When coupled with the problems at Citibank and Bank of America the banking industry remains in upheaval. There is growing talk that the US needs to create a government backed bank to take the bad assets off the balance sheets of the banks and stabilize the banking system. In theory, back in 1917, this might have worked, but it today's increasingly complex financial system there is simply no way to effectively determine who gets to sell their junk to the US (expect every US bank, investment bank, leasing company and foreign banks to argue that they deserve to be part of the bailout part deux). I am a believer in the mantra that if a bank is too big to fail, break them up until their small enough to fail. We can't continue to reward failure in our country.

Wednesday, January 14, 2009

Other than the -25 degree weather it feels like October

Financial unease seems to be spreading again coincidentally just before Congress decides to vote on releasing more TARP money.
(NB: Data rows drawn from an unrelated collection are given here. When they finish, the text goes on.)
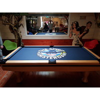 Transform your pool table with a unique, high-quality printed pool cloth. Whether you want a logo, image, or text printed on it, we can make it happen. Our pool cloth is white, so you can choose any background color you like. For the best results, ensure your image is high-resolution. Send your design to [email protected] and receive a proof before we start production. Assembly is available starting at €250.00 including VAT. Visit our store in Almere or order online for free shipping within the Netherlands on orders over €125.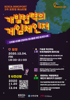 한국국제협력단 KOICA(이하 코이카)가 주최하고 신한은행이 후원하며, 사단법인 더 브릿지가 주관하는 온라인 토크 콘서트 '제 3차 브릿징 페스티벌: 개발협력의 게임체인져'가 오는 12월 4일 오후 6시 30분에 개최된다.코이카 이노포트는 국내외 사회문제 해결을 위한 개발협력과 사회혁신 허브 역할을 목표로 하는 사업으로, 올해 3월부터 시작된 코이카 프로그램이다. 전문성 있는 사회혁신가를 육성하고, 글로벌 사회문제를 해결하는 건강한 개발협력 사회혁신 생태계 조성이 목표다.제3차 브릿징 페스티벌은 '4차 산업혁명 기술을 활용한 개도국
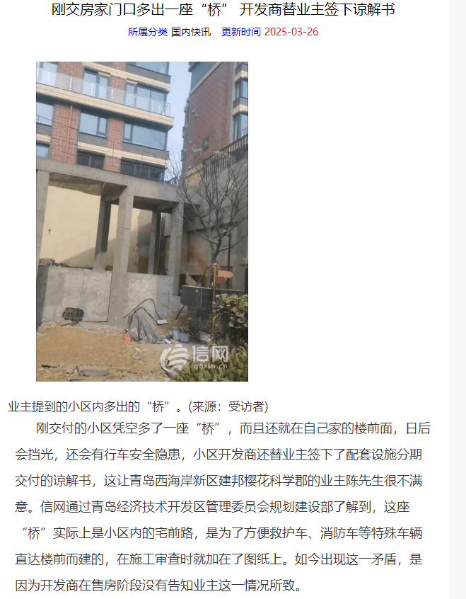 《刚交房家门口多出一座“桥”》——青岛西海岸建邦樱花科学珺的交付“变脸”引来媒体报道,更离谱的是,围绕着这座“桥”的谅解书也有开发商代签嫌疑。
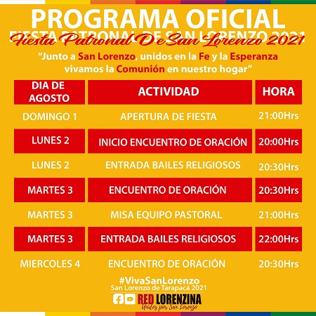 Al igual como ocurrió con la fiesta de La Tirana, este año, por segunda vez, la festividad de San Lorenzo de Tarapacá, patrono de los mineros, los transportistas, los diáconos y otras invocaciones, se realizará de manera virtual teniendo como orientación el siguiente slogan: “Junto a San Lorenzo, unidos por la fe y la esperanza vivamos la comunión en nuestro hogar”,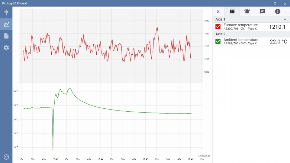 屏幕左側(cè)的簡(jiǎn)單垂直菜單欄可以永久訪問主程序菜單和PicoLog 6的查看模式,而不會(huì)暫停捕獲。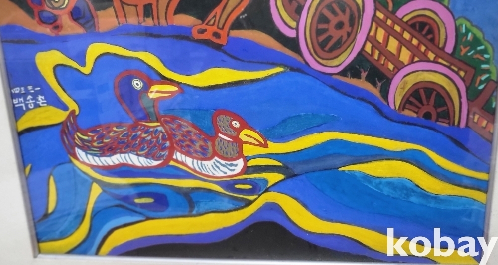 1998년(4331) 박송천 作 소달구지와 원앙 그림입니다,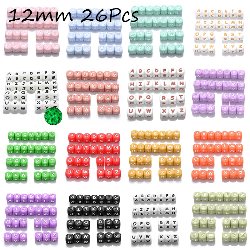 26Pcs Silicone Letter Beads 12mm Colorful Alphabet Silicone Chewing Bead for Pacifier Clip Chain Teether Accessories BPA Free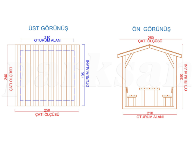 Çatılı Piknik Masası (Ahşap) 210(L)x195(W)x250(H)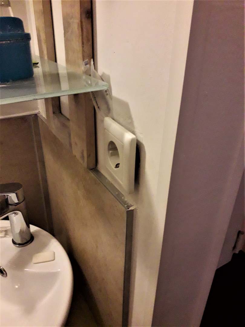 ZimmerSteckdose im Badezimmer hängt z. T. aus der Wand... und das direkt über den Waschbecken.

Citigroup is moving forward with plans to divest its businesses to raise cash, but they might be running out of time as the stock dipped below $5. Bailout fatigue is very real in Washington and on Main St. The amount of money we've already thrown at Citigroup is staggering and with no real plan for fixing their business, I think many will view saving Citigroup as good money after bad.

Bank of America has already come back to the well looking for more help with their acquisition of Merrill Lynch. I agree with many other commentators that say enough is enough from Bank of America. They bought MBNA, Countrywide and Merrill. Those were bad decisions and I don't think the government should be in the business of bailing out companies that make poor business decisions. However, much like October of 2008, we are hearing the same refrain - if this deal falls apart the entire financial system is in peril. Well, I'm willing to risk it, because the alternative is clearly not working.
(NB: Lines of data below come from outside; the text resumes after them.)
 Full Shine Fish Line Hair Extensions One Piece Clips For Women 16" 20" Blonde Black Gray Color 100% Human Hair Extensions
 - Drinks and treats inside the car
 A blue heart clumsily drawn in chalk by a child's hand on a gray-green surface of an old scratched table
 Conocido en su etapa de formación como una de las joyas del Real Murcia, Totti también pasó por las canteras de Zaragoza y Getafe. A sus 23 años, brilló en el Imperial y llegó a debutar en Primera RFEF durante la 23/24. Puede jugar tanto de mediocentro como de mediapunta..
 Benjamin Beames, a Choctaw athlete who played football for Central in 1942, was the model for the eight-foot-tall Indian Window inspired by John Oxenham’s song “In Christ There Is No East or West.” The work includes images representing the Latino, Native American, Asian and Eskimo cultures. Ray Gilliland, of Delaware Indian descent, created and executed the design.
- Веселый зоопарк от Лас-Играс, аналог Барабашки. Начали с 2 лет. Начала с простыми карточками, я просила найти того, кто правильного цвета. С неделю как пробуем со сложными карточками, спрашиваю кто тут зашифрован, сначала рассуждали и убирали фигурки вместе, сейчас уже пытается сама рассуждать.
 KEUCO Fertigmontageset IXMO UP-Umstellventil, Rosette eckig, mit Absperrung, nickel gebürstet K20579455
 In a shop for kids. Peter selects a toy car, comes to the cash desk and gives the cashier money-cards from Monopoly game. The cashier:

There is a bunch of company specific bad news out tonight - Apple's Steve Jobs is taking a leave of absence for health reasons (get well soon!), Motorola is cutting another 4,000 jobs, Google (yes, Google) cut 100 jobs and Nortel filed for bankruptcy.

The markets didn't hold the 850 technical level that I mentioned yesterday. So from a technical standpoint many will point to 750 as the next important threshold. I'd expect a bit of a bump around the inauguration, but if we get back to 750 on the S&P (roughly 7,600 on the Dow) the big question will be - do we bounce or fall through the those levels? Unfortunately, I think the fundamentals would say we're going to eventually break through those levels. We'll see.


Intraday moves...

Today's market dip has taken the indexes down below a number of technical supports (860 and 850 were supposed to be important to the chart readers) with the S&P 500 at 845. If the markets stay below 850, there is little support from here to the old November lows - that's about 750 or 15% below the current level.

We'll see how it plays out....

NY defines irony

The top two stories on the NY Times website this morning:

Banks in Need of Even More Bailout Money


In Michigan, Bank Lends Little of Its Bailout Funds

How can that be? How can banks be sitting on the bailout money AND still need more? Well, my guess is that the banks are scared of what is coming down the road. They see more and more commercial and corporate loans going bad and they fear that without another injection of capital they won't weather that storm.

"The bad bets made by executives at Independent Bank of Michigan are on display in spots across the state: a defunct bowling alley, a new but never occupied shopping center and the luxurious Whispering Woods Estates, which offers prime lots for never-constructed dream homes.

Now it is the federal government making the big bet here.

The Treasury Department has invested $72 million out of the $700 billion in federal bailout funds to help prop up this community bank, which traces its roots back 144 years in Michigan. It is a small chunk of the giant rescue fund being wagered by Washington to encourage banks like Independent to resume lending and jump-start the frozen economy.

But Independent, hard put to find good borrowers in a suffering economy, and fearful of making the kind of mistakes that got it into trouble in the first place, is not doing much lending these days. So far it is using all of the government’s money to shore up its own weak finances by repaying short-term loans from the Federal Reserve. “It is like if you are in an airplane and the oxygen mask comes down,” said Stefanie Kimball, the bank’s chief lending officer. “First thing you do is put your own mask on, stabilize yourself.”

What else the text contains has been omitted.